Kidney transplantation holds much promise as a treatment of choice for patients with end-stage kidney disease. The impact of cold ischemia time (CIT) on acute renal transplant rejection (ARTR) remains to be fully studied in a large cohort of renal transplant patients.Methods
From the Organ Procurement and Transplantation Network database, we analyzed 63 798 deceased donor renal transplants performed between 2000 and 2010. We assessed the association between CIT and ARTR. We also evaluated the association between recipient age and ARTR.Results
Six thousand eight hundred two (11%) patients were clinically diagnosed with ARTR. Longer CIT was associated with an increased risk of ARTR. After multivariable adjustment, compared with recipients with CIT < 12 hours, the relative risk of ARTR was 1.13 (95% confidence interval, 1.04-1.23) in recipients with CIT ≥ 24 hours. The association of CIT and ARTR was more pronounced in patients undergoing retransplantation: compared with recipients with CIT less than 12 hours, the relative risk of ARTR was 1.66 (95% confidence interval, 1.01-2.73) in recipients with CIT of 24 hours or longer.

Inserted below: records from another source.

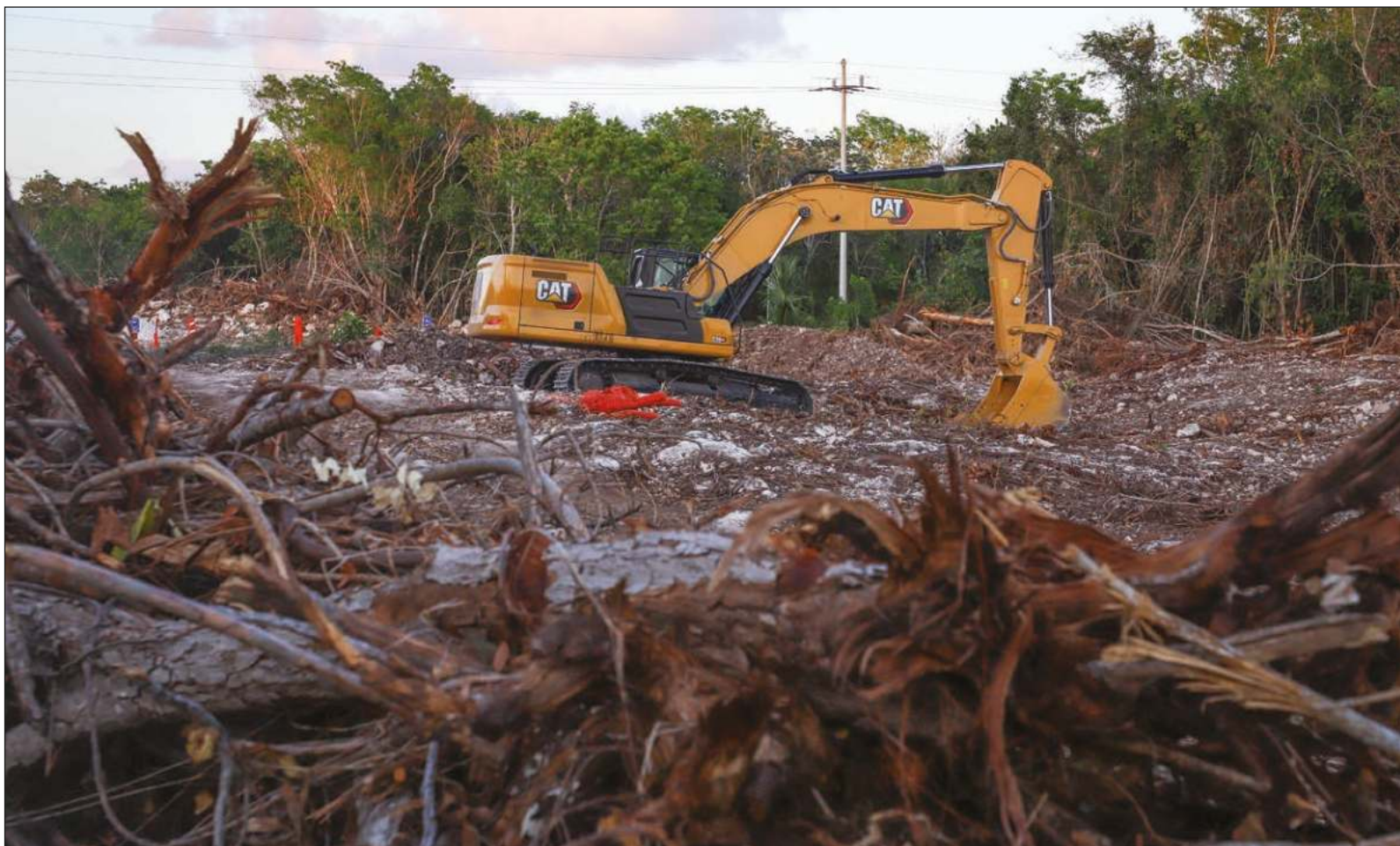
▲ "Hoy Fonatur sólo se dedica a una cosa: construir el tren. Todo lo demás les representa una pérdida de tiempo".
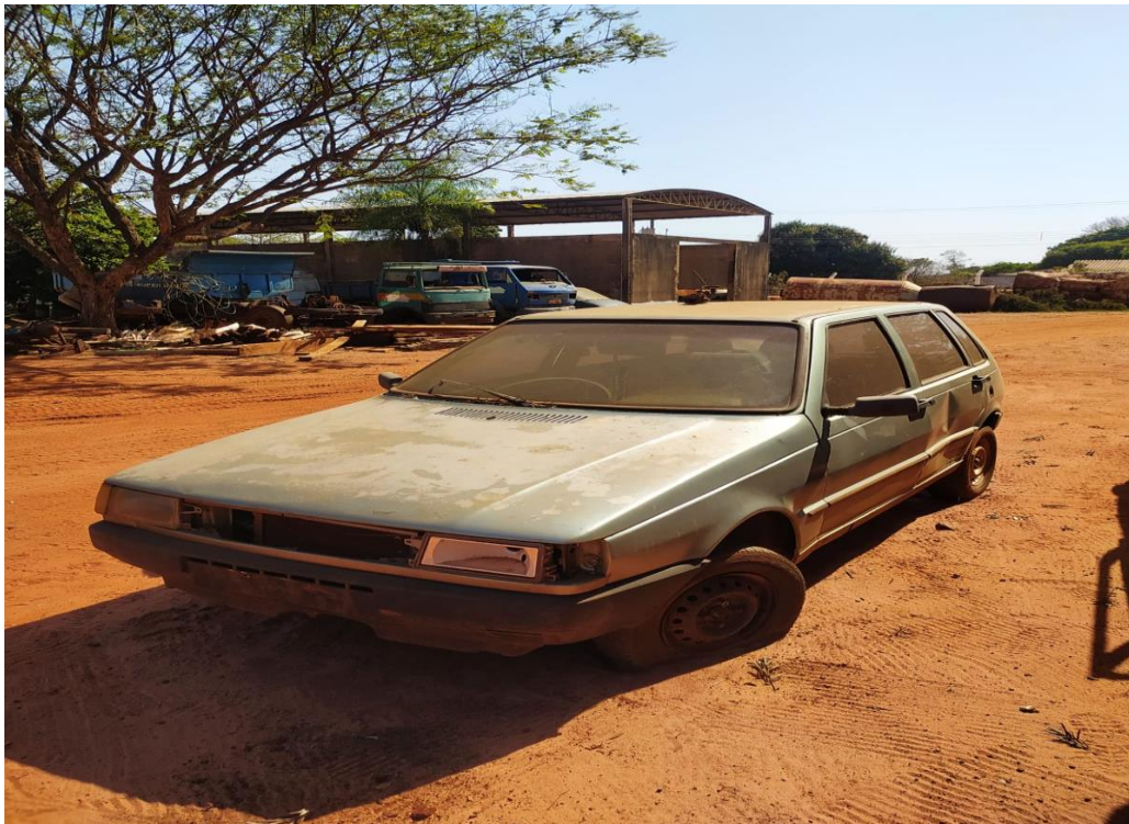
LOTE - 14 FIAT UNO. COR VERDE. ANO 1994. (SUCATA) VALOR INICIAL R$ 0,95 kg
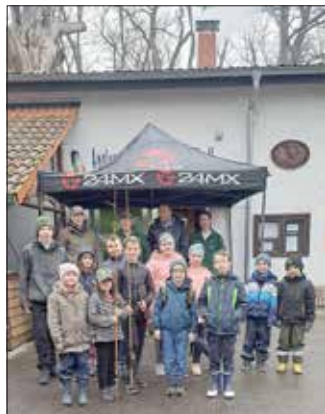
Kinder die beim Kinderangeln teilnahmen.

Trotz des durchwachsenen Wetters erfreute sich die Veranstaltung „Kleine Ostern“ in Dahlenberg am Anglerheim wieder größerer Besucherzahlen. Für die Veranstalter, den Anglerverein „Eisvogel“ e.V., ist es immer ein Zeichen, dass es eine große Bereicherung im Dorfleben der Gemeinde Trossin ist und von den Einwohnern wertgeschätzt wird. Zum Kinderangeln um 9:00 Uhr fanden sich 12 Kinder am Dorfteich ein. Die Fische waren auch an diesem Morgen sehr beifreudig. Großen Andrang gab es auch wieder beim Ostereierkullern. Die Stände mit Getränken, Ge grilltem und frisch geräucherten Forellen waren dicht umlagert. Bei der Schnipseljagd für Kinder beteiligten sich über 20 Kinder. Schnell waren die versteckten Schokohasen, Ostereier und Überraschungen am Weg hinter den Dorfteich gefunden. Ein großes Dankeschön an alle freiwilligen Helfer und Unterstützer der Veranstaltung.
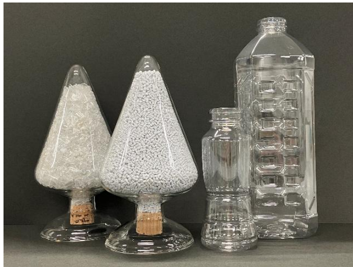
画像ダウンロード
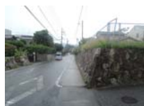
0139_錦織遺跡第2地点と7地点との間の三差路

Additionally, older age was associated with a decreased risk of ARTR. Compared with recipients aged 18 to 29 years, the relative risk of ARTR was 0.50 (95% confidence interval, 0.45-0.57) in recipients 60 years or older. Longer CIT was also associated with increased risk of death-censored graft loss. Compared with recipients with CIT less than 12 hours, the hazard ratio of death-censored graft loss was 1.22 (95% confidence interval, 1.14-1.30) in recipients with CIT of 24 hours or longer.Conclusions
Prolonged CIT is associated with an increased risk of ARTR and death-censored graft loss. Older age was associated with a lower risk of ARTR.